Charkey Ramon

Personal information
- Nationality: Australian
- Born: Dave Bruce Ballard Gulgong, NSW, Australia
- Weight: welter/light middle/middle/light heavyweight

Boxing career
- Stance: Orthodox

Boxing record
- Total fights: 35
- Wins: 33 (KO 21)
- Losses: 1 (KO 0)
- Draws: 1

= Charkey Ramon =

Australian boxer

Dave Bruce Ballard, known professionally as Charkey Ramon, is a retired Australian professional welter/light middle/middle/light heavyweight boxer.

==Early life and education==
Dave Bruce Ballard was born in Gulgong, New South Wales.

==Career==
Ballard was professionally known in his boxing career as Charkey Ramon. He was managed and trained by Bernie Hall.

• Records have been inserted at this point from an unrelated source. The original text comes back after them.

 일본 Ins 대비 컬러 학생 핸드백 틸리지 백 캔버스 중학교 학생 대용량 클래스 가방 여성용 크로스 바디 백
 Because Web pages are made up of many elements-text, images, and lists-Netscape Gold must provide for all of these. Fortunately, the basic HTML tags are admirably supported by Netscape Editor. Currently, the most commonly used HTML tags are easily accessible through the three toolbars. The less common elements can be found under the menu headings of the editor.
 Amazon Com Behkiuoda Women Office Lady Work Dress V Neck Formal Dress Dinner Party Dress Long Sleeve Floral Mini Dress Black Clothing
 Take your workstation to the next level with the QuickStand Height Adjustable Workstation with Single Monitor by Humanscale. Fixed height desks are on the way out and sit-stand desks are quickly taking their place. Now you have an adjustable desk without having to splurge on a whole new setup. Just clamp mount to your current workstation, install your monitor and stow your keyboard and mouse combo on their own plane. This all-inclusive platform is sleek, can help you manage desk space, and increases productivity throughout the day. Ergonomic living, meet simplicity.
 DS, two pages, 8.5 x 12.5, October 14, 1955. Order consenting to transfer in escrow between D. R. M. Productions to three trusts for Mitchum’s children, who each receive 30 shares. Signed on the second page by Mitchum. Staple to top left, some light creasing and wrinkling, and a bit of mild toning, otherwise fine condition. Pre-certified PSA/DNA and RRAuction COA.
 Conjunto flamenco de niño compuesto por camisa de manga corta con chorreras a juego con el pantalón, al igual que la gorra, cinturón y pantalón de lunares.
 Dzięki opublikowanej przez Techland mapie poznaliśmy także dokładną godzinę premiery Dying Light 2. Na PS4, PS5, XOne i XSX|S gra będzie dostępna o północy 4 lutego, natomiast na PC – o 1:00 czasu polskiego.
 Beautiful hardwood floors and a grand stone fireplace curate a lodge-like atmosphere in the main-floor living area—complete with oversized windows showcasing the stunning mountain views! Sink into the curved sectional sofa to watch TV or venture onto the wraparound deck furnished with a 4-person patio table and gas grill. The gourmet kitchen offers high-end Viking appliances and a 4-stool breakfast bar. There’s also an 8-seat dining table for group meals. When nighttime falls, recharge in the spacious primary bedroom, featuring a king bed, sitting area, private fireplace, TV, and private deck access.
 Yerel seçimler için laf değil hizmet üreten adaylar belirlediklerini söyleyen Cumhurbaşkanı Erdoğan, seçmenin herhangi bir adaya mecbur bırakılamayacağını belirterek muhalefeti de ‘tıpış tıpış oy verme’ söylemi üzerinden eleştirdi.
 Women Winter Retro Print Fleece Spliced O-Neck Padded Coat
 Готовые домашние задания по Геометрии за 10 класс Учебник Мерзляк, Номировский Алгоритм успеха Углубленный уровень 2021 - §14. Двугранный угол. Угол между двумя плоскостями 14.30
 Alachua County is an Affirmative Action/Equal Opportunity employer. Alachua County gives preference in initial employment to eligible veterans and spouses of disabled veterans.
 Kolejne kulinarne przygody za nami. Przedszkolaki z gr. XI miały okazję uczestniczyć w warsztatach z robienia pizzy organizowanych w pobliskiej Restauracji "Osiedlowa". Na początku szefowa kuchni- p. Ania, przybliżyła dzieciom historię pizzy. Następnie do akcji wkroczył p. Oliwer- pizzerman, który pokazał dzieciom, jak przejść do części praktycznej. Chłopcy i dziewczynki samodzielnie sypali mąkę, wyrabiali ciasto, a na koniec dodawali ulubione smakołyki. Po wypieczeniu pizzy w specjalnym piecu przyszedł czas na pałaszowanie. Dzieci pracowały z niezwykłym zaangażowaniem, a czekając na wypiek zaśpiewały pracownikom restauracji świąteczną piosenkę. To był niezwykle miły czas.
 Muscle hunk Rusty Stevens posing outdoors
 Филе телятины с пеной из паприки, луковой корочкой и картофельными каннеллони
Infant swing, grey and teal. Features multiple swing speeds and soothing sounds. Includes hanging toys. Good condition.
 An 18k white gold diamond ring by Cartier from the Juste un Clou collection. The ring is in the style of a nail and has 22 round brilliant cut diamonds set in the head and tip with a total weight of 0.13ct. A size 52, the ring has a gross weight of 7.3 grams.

In the 1970s, he boxed in the welter, light middle, middle, and light heavyweight categories. His professional fighting weight varied from 147 lb, i.e. welterweight to 175 lb, i.e. light heavyweight.

He later became a referee.

==Professional boxing record==
Ramon won the Australian light middleweight title, and inaugural Commonwealth light middleweight title.

==Honours==
Ballard was inducted into the Australian National Boxing Hall of Fame in 2008.